‘What precisely is the cargo?’ queried John. ‘Is it dry-store goods—organs, pianos, and such like commodities?’
‘Ay, that’s about what it is—all the sort o’ fixin’s that make a harmonious home for the retired commercial gent—organs, melodeons, brick-a-bacs, articles of virtoo and amusement combined; and a fine variety of wood goods besides. Waal, if you’re for a deal you must be sharp about it, for I’ve to fix up with Mr. Coody by ten o’clock this mornin’, and I leave again this afternoon, havin’ just signed a fresh charter party for a cargo of fireclay bricks. So name your figure, plank down the cash, and I’m ready to deal.’
‘Well, what did Mr. Coody offer you?’ asked John pertinently.
‘Three hundred pounds in bank notes,’ replied the skipper; ‘but I’ll take £400 to clear; and dirt cheap, too, when you think o’ what a nest o’ nightingales your fam’ly and friends will be at ten dollars a head.’
‘Thank you,’ said John, as he moved away; ‘I’ll just go round and have a talk with my friend, and will let you know the result before ten o’clock.’
‘Right,’ replied the captain, cutting himself a fresh plug of tobacco; ‘£400 down, coin o’ the realm, before ten, mind ye, and your friend’s set up for life with a “house beautiful” that Solomon in all his glory and Mrs. Sheba couldn’t have fixed up better between them.’
‘What a curious, profane, hard-featured set of men these Americans are!’ thought John, as he stepped briskly away in the direction of his senior partner’s house. ‘Why, the mind of that skipper is exactly of the same temper as Bill’s; his features are as irregular, even his voice has the same twanging, nasal habit. However, he means business evidently, and I think I can persuade Mr. William to buy up his cargo, which will put, I imagine, a pretty stiff spoke in Bill’s wheel.’

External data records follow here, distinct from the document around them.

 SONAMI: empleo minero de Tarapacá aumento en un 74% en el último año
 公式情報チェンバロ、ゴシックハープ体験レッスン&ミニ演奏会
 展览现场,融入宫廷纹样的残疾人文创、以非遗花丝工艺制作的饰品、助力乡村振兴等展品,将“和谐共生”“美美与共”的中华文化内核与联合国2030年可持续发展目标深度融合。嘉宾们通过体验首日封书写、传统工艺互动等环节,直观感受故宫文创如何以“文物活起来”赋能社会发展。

Within a quarter of an hour John was on Mr. William’s doorstep, and ten minutes afterwards was explaining the strategical position to the senior partner in his dressing-gown. ‘Certainly, John,’ said Mr. William slowly, after listening attentively to John’s recital; ‘we couldn’t possibly have Coody on our Board; it wouldn’t do at all. Why, he’s a mere adventurer, and his method of under-cutting, “busting” people up, etc., would bring discredit upon our firm and have a bad effect upon our business. No, it’s quite evident, John, as you say, that we can’t square him—as to how far he means business, I don’t know. I incline to think he is bluffing us; but there isn’t time to find out how much he has up his sleeve; and if we buy up this cargo we trump his ace, you think, and can make a profit out of it ourselves at the stores after? Well, I daresay you’re right, John; and, after all, £400 won’t ruin us. We buy his cargo, and as he can’t “bear” the shares, he’ll be like a chained dog showing his teeth, but doing no damage. Yes, I think it is an excellent idea, John,’ Mr. William said in conclusion, ‘and if you’ll wait one minute I’ll give you the cheque for £400.’

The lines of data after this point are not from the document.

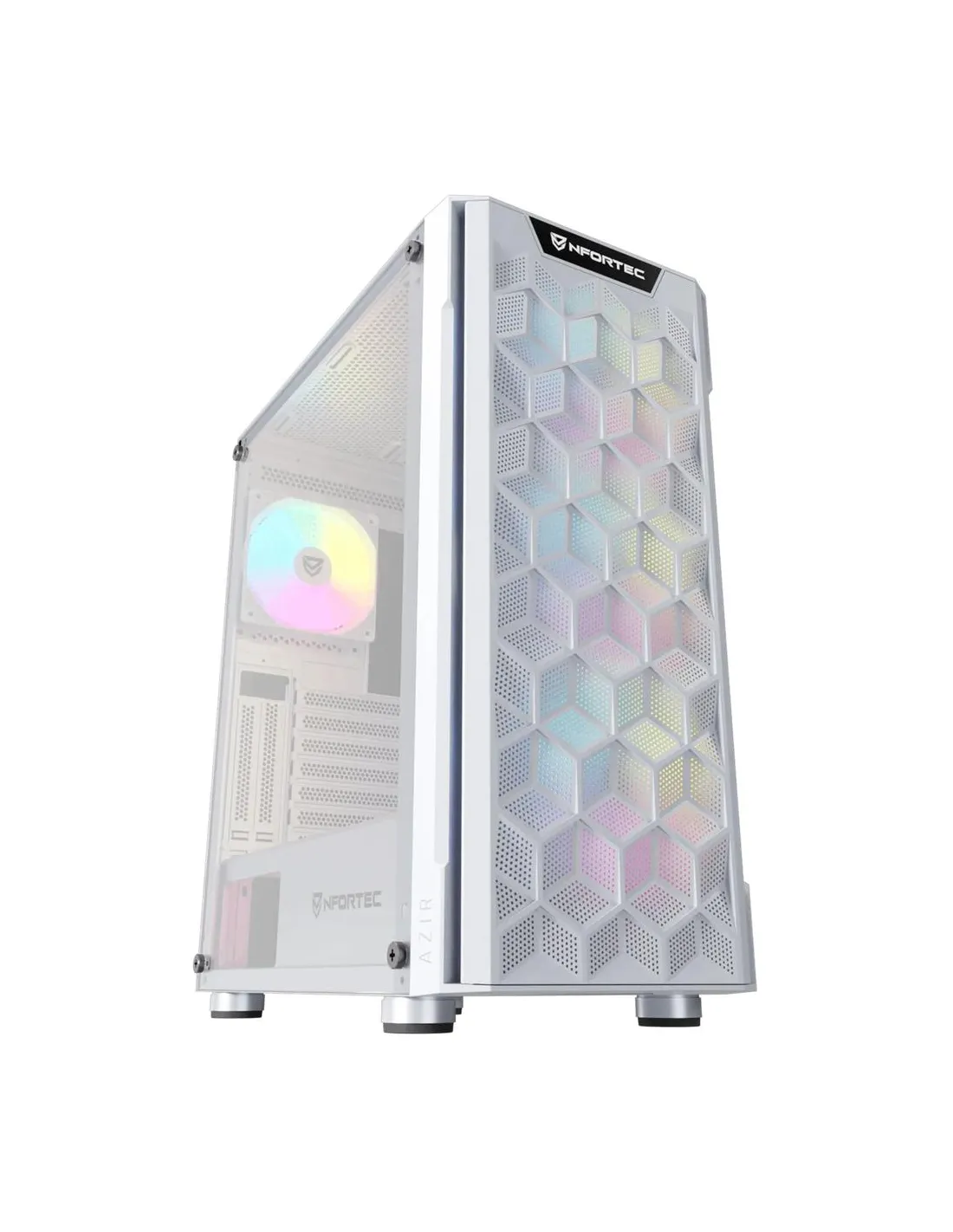 La Nfortec Azir en color blanco es una caja semitorre diseñada para montar equipos gaming o de alto rendimiento con una excelente relación entre flujo de aire, estética y espacio interior. Con un diseño elegante en blanco, panel lateral de cristal templado y ventiladores A-RGB incluidos, es ideal para quienes buscan una configuración llamativa sin renunciar a la ventilación ni a la compatibilidad con componentes exigentes.
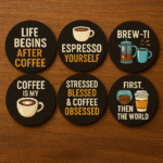 Playzia “Coffee Vibes” Wooden Coaster Set of 6 | Designer Multi-Color Round Coasters with Stand | Perfect for Coffee Mugs, Tea Cups & Dining Table Décor (3.5×3.5 Inch)
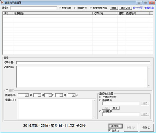 优易电子提醒簿是一款很好用的个人助手,可以完成记事、闹钟定时、日程提醒以及对这些项目进行管理的功能,闹钟可以播放指定音乐或运行指定程序。

By ten o’clock that morning John had completed his defences; the cargo was bought; he held an indemnity against any claims from the skipper and owners of the goods in question; he had made an inquiry at the Old Bank, and now was sitting down at the office to write a short note marked ‘private’ to Bill, to tell him it was to be ‘war to the knife.’

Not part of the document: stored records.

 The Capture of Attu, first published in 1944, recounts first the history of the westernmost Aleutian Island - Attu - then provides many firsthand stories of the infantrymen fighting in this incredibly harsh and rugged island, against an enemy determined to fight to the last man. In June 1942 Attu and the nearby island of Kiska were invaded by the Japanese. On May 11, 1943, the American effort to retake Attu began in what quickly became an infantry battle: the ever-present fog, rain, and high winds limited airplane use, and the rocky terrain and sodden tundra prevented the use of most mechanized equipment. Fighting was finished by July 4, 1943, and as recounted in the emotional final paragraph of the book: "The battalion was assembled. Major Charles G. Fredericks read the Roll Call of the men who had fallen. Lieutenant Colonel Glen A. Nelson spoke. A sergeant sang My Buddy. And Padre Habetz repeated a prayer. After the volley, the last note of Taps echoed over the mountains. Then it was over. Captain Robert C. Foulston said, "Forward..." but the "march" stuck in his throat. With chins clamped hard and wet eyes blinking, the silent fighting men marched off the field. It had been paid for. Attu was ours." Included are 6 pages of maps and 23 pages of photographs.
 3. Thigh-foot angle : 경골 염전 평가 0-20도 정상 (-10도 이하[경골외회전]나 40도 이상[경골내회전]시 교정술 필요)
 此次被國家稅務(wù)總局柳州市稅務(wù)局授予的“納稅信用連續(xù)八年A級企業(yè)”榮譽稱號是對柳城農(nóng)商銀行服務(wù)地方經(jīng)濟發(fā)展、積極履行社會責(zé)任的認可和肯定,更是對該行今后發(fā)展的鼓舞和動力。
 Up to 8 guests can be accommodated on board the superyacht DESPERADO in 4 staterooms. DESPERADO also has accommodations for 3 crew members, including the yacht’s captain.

‘And I may tell thee, Bill, that thee had better give in with a good grace; for, in the first place, thee cannot sell the shares below par—vide the Articles of Association, paragraph 10—and, in the second, we have bought up thy cargo; and, finally, I feel assured that stores managed on thy suggested lines would never bring a blessing with them. Thou saidst it was to be “war to the knife,” but we hope thee will think better of it, for thy sake more than for our own,’ and with a friendly warning John finished his letter, and despatched it by hand to ‘William Coody, Esq.’